Please reproduce every record exactly as written, leaving out the pictures.

<<<<

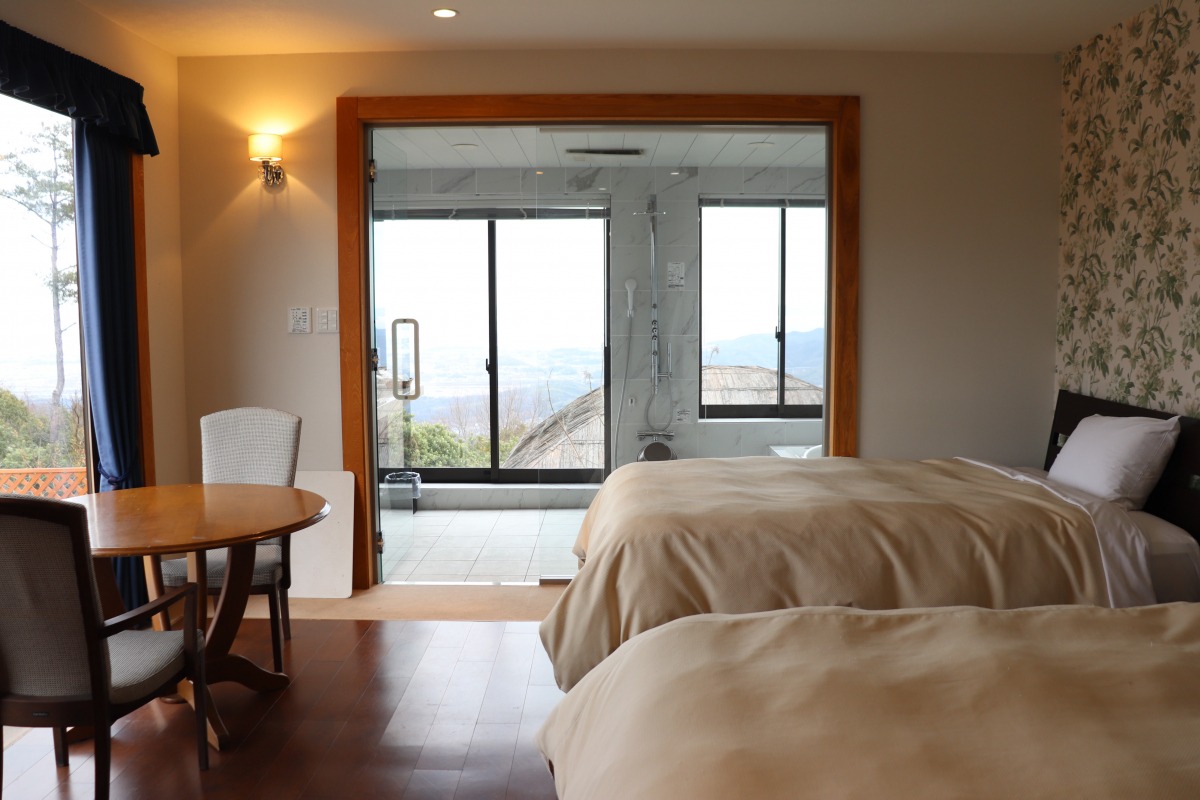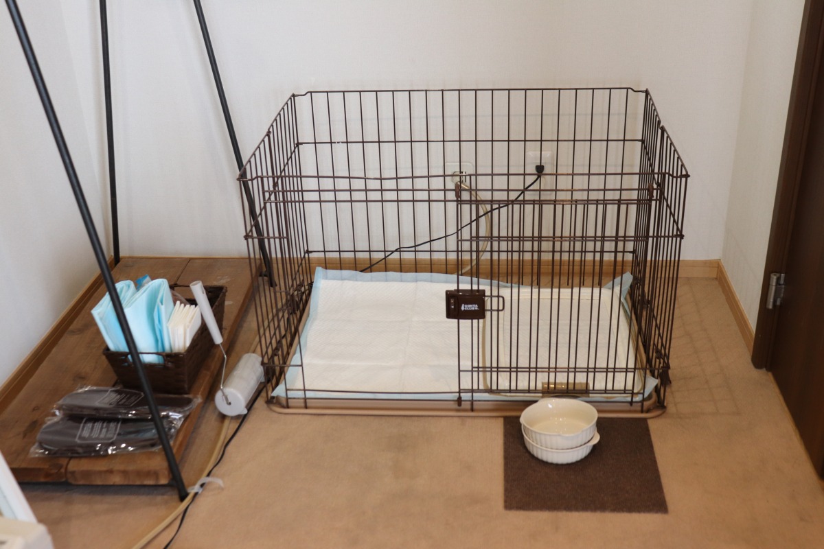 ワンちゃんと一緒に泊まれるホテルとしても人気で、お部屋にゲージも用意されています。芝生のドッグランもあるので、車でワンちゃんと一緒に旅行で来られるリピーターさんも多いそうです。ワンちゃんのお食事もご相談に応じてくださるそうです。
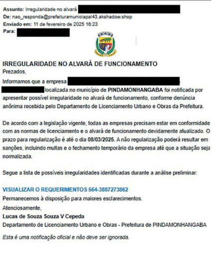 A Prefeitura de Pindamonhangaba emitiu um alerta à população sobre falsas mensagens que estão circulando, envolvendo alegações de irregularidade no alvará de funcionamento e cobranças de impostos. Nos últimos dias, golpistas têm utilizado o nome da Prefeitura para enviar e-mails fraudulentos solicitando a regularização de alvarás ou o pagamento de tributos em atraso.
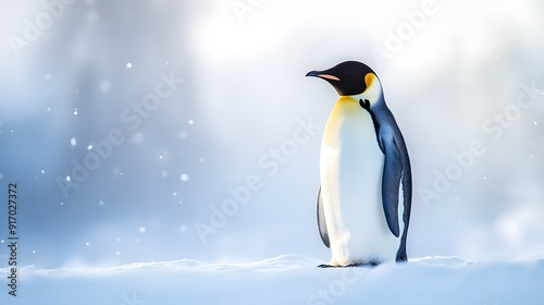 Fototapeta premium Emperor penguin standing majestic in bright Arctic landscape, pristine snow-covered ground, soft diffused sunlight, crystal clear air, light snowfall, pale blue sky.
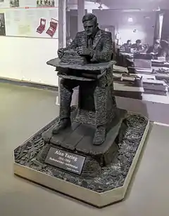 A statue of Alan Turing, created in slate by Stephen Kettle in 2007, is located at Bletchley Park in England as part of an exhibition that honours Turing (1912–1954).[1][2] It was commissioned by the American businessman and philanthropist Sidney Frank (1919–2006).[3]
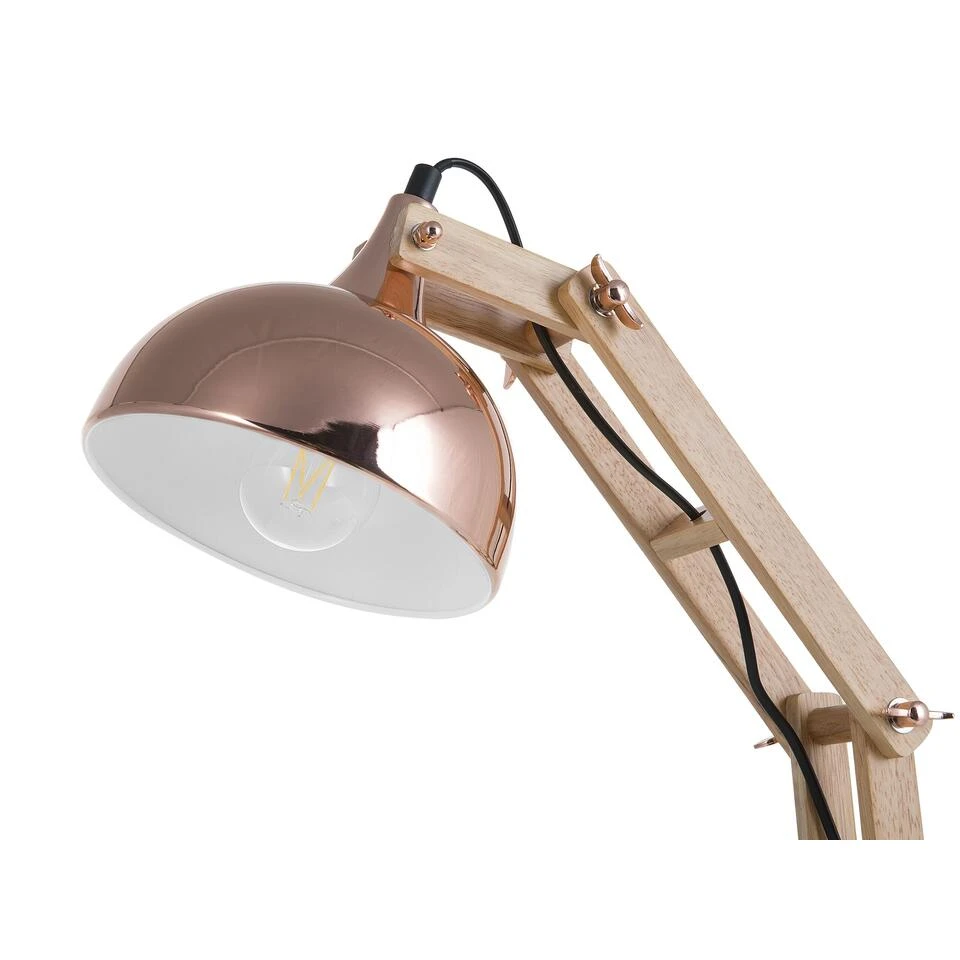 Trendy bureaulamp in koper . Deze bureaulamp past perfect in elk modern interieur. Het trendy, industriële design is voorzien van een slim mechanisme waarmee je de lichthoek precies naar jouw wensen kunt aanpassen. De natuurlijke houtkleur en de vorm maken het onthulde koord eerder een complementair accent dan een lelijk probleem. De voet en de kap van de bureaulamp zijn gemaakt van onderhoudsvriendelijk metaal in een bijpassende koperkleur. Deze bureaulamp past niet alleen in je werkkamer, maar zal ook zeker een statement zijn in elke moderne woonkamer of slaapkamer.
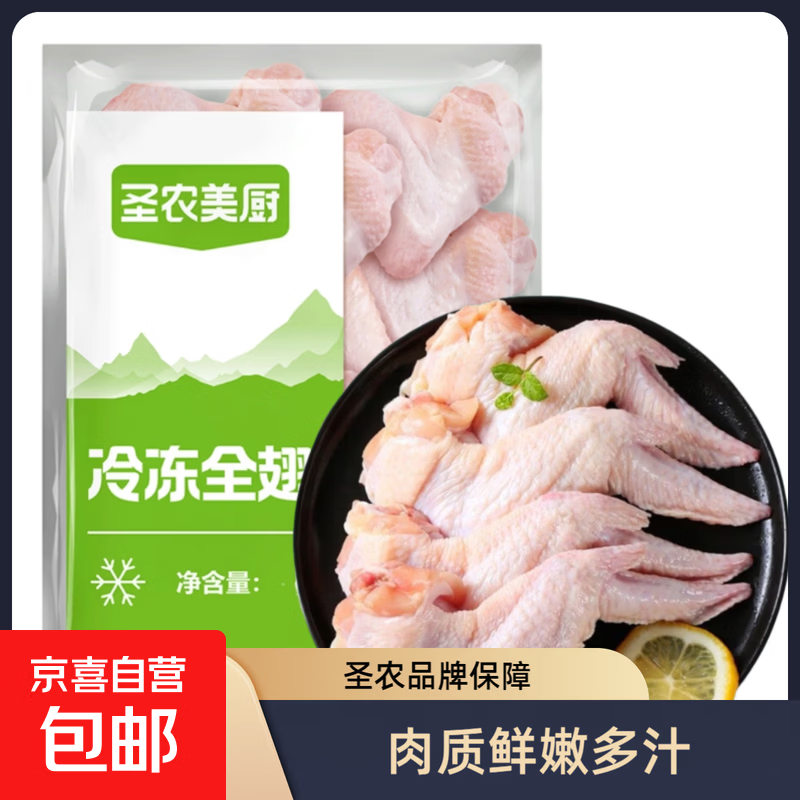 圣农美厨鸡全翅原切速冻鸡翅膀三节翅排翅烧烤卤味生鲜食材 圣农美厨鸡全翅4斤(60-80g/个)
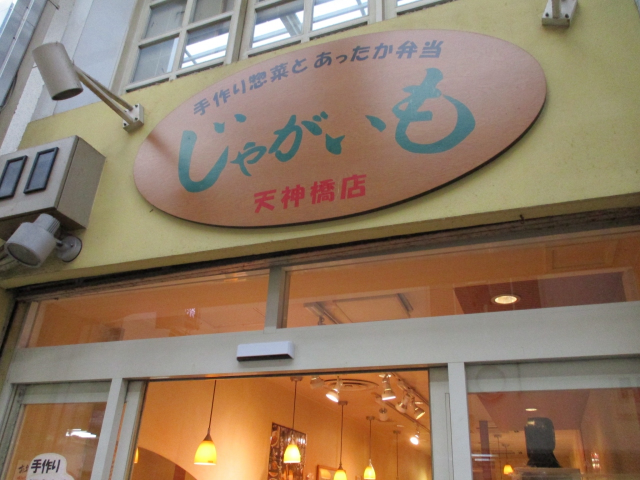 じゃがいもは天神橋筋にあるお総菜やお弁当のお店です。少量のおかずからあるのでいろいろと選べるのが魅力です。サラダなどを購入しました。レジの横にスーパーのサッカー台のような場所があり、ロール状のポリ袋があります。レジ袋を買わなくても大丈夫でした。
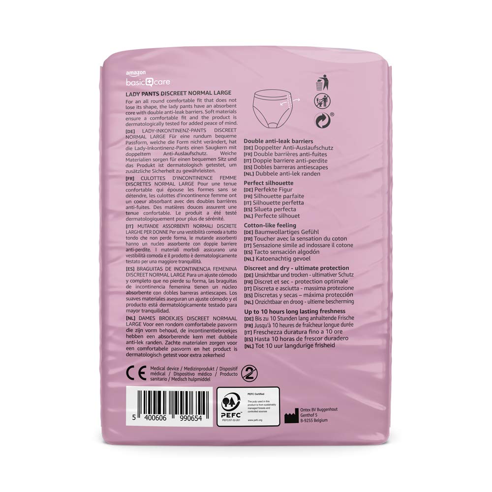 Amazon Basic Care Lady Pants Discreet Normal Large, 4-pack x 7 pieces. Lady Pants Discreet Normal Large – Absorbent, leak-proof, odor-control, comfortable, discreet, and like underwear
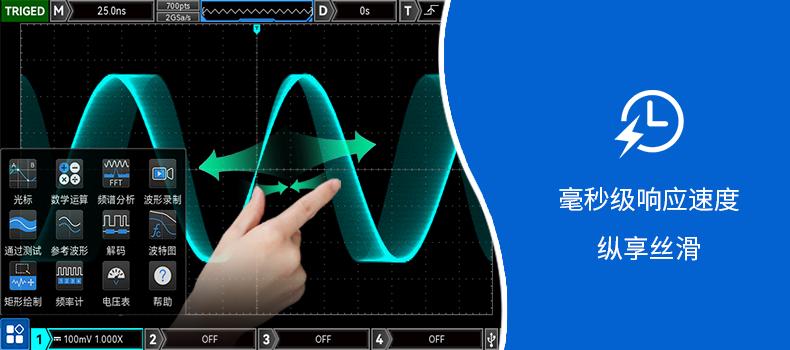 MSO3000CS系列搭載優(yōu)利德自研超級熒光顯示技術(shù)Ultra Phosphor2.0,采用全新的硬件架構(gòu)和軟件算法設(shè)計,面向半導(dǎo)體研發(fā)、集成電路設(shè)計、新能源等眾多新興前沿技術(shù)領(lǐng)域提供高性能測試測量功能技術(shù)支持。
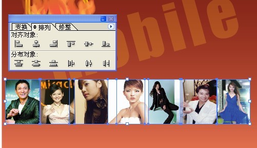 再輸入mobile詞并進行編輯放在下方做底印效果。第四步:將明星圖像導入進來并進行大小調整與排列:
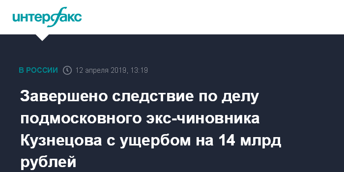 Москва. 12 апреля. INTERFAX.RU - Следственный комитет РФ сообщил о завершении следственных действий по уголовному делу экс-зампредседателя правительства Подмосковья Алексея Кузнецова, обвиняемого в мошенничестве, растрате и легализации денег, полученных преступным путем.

>>>>

TASK ANSWER
 ワンちゃんと一緒に泊まれるホテルとしても人気で、お部屋にゲージも用意されています。芝生のドッグランもあるので、車でワンちゃんと一緒に旅行で来られるリピーターさんも多いそうです。ワンちゃんのお食事もご相談に応じてくださるそうです。
 A Prefeitura de Pindamonhangaba emitiu um alerta à população sobre falsas mensagens que estão circulando, envolvendo alegações de irregularidade no alvará de funcionamento e cobranças de impostos. Nos últimos dias, golpistas têm utilizado o nome da Prefeitura para enviar e-mails fraudulentos solicitando a regularização de alvarás ou o pagamento de tributos em atraso.
 Fototapeta premium Emperor penguin standing majestic in bright Arctic landscape, pristine snow-covered ground, soft diffused sunlight, crystal clear air, light snowfall, pale blue sky.
 A statue of Alan Turing, created in slate by Stephen Kettle in 2007, is located at Bletchley Park in England as part of an exhibition that honours Turing (1912–1954).[1][2] It was commissioned by the American businessman and philanthropist Sidney Frank (1919–2006).[3]
 Trendy bureaulamp in koper . Deze bureaulamp past perfect in elk modern interieur. Het trendy, industriële design is voorzien van een slim mechanisme waarmee je de lichthoek precies naar jouw wensen kunt aanpassen. De natuurlijke houtkleur en de vorm maken het onthulde koord eerder een complementair accent dan een lelijk probleem. De voet en de kap van de bureaulamp zijn gemaakt van onderhoudsvriendelijk metaal in een bijpassende koperkleur. Deze bureaulamp past niet alleen in je werkkamer, maar zal ook zeker een statement zijn in elke moderne woonkamer of slaapkamer.
 圣农美厨鸡全翅原切速冻鸡翅膀三节翅排翅烧烤卤味生鲜食材 圣农美厨鸡全翅4斤(60-80g/个)
 じゃがいもは天神橋筋にあるお総菜やお弁当のお店です。少量のおかずからあるのでいろいろと選べるのが魅力です。サラダなどを購入しました。レジの横にスーパーのサッカー台のような場所があり、ロール状のポリ袋があります。レジ袋を買わなくても大丈夫でした。
 Amazon Basic Care Lady Pants Discreet Normal Large, 4-pack x 7 pieces. Lady Pants Discreet Normal Large – Absorbent, leak-proof, odor-control, comfortable, discreet, and like underwear
 MSO3000CS系列搭載優(yōu)利德自研超級熒光顯示技術(shù)Ultra Phosphor2.0,采用全新的硬件架構(gòu)和軟件算法設(shè)計,面向半導(dǎo)體研發(fā)、集成電路設(shè)計、新能源等眾多新興前沿技術(shù)領(lǐng)域提供高性能測試測量功能技術(shù)支持。
 再輸入mobile詞并進行編輯放在下方做底印效果。第四步:將明星圖像導入進來并進行大小調整與排列:
 Москва. 12 апреля. INTERFAX.RU - Следственный комитет РФ сообщил о завершении следственных действий по уголовному делу экс-зампредседателя правительства Подмосковья Алексея Кузнецова, обвиняемого в мошенничестве, растрате и легализации денег, полученных преступным путем.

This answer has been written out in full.